A Late Night Theory of Post-Dance (a selfinterview)

(Ana Vujanović, 2017)

It was around 10 P.M. when I arrived. I found her in one of her temporary apartments. A spacious living and dinning room, almost empty, with wooden floors and big windows, curtains wide open. It was in a small, three story building facing Westerpark, in Amsterdam. She made tea and at first looked willing to talk, but when she sat at the table she briefly glanced at the computer screen and then turned her head and looked towards the glass door of the balcony… I saw her withdrawing into herself like a candle in the dark… She sucked the whole energy of the room. Soon after that thought— or was it a feeling? — had arisen, I saw it leave me, and before it was immersed in the energy flow, the feeling-thought turned back, grabbed me by the hand and took me outside of myself.
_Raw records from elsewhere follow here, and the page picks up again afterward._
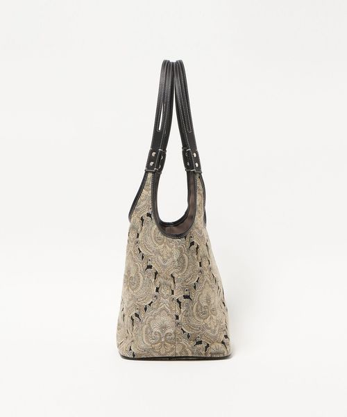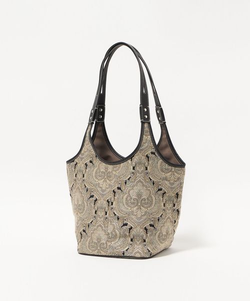 クラシカルな柄をジャカードで表現した縦長シルエットのトートバッグ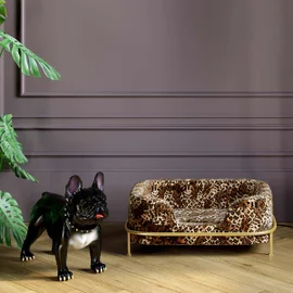 Säng för hund eller katt med lejontryck och ram av metall i guld.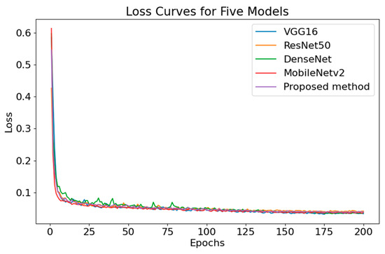 In order to assess the performance of the improved network, comparative experiments were carried out using VGG16, Res-UNet, Dense-UNet, MobileNetv2 [37], and the proposed approach. Before conducting the experiment, a total of 108 dorsal hand vein images were collected, and, after simple data augmentation, they were divided into 432 training samples, 54 validation samples, and 54 test samples. The model was trained with a batch size of 4 for 200 epochs, and the loss functions for each model are shown in Figure 10. After training completion, the test dataset was fed into the neural network for segmentation. Each network model was trained five times. The average accuracy, size, and time taken for image segmentation by the different networks were recorded, as shown in Table 4.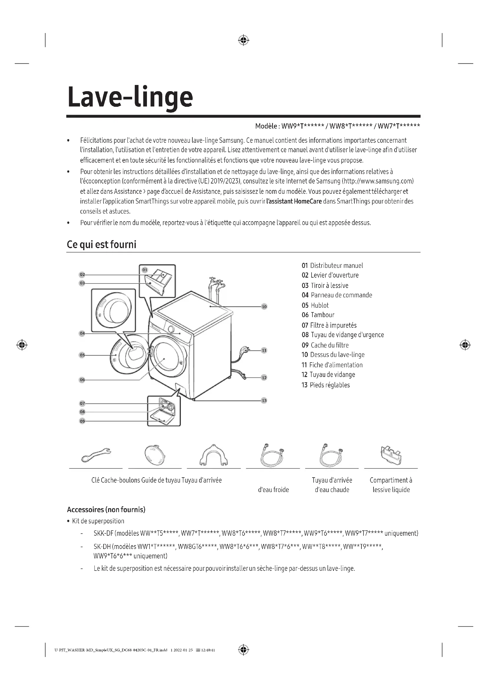 - Kit de superposition ‐ SKK-DF (modèles WW**T5*****, WW7*T******, WW8*T6*****, WW8*T7*****, WW9*T6*****, WW9*T7***** uniquement) ‐ SK-DH (modèles WW1*T******, WW8GT6*****, WW8*T6*6***, WW8*T7*6***, WW**T8*****, WW**T9*****, WW9*T6*6*** uniquement) ‐ Le kit de superposition est nécessaire pour pouvoir installer un sèche-linge par-dessus un lave-linge. U-PJT_WASHER-MD_SimpleUX_SG_DC68-04205C-04_FR.indd 1 2022-01-25 12:40:41Français2 Consignes de sécurité REMARQUE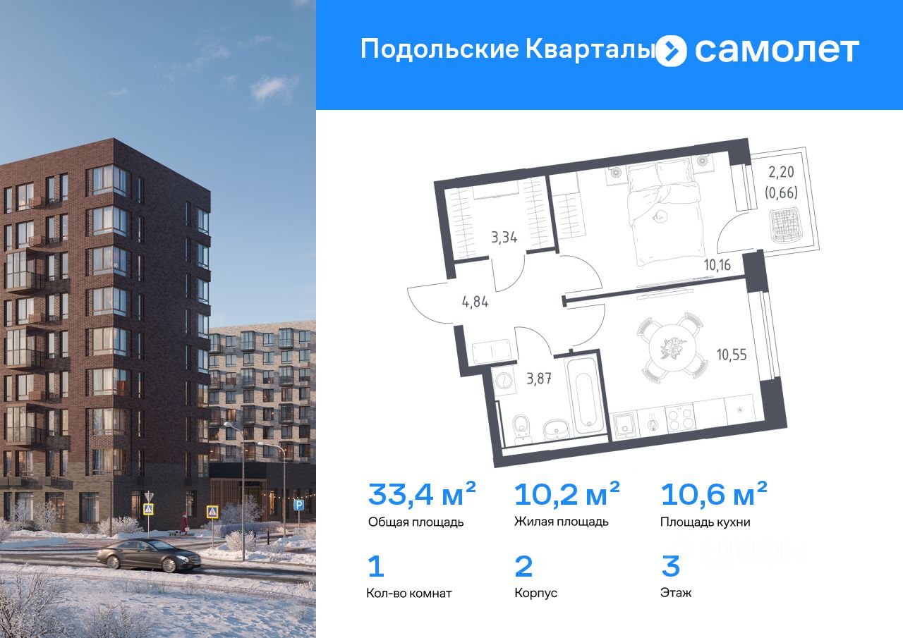 Строим кварталы для жизни с заботой о будущем. Предлагается 1-комнатная квартира комфорт-класса 33,42 кв.м в корпусе 2 на 3 этаже, в ЖК "Подольские Кварталы"

Now externalized, I was observing that wild woman with clear thoughts, who has been ready to abandon them whenever she was asked the right question. I hovered between her and myself. The screen lightened her profile. It didn’t say much. She was perfectly calm and only her eyes were moving rapidly as if she were reading or dreaming. I was under the impression she had forgotten that I was there, and it was not easy to break the silence in which she apparently felt comfortable. But I promised Mårten Spångberg that I would write 15 pages about post-dance and I knew I couldn’t do it without her. So… well, fuck it.

AV: It’s very late for an interview but I was told you wouldn’t mind.

AV: In fact, I prefer it this way. Now I’m a little tired after the whole day of teaching, and it’s similar to being drunk or drugged: borders dissolve.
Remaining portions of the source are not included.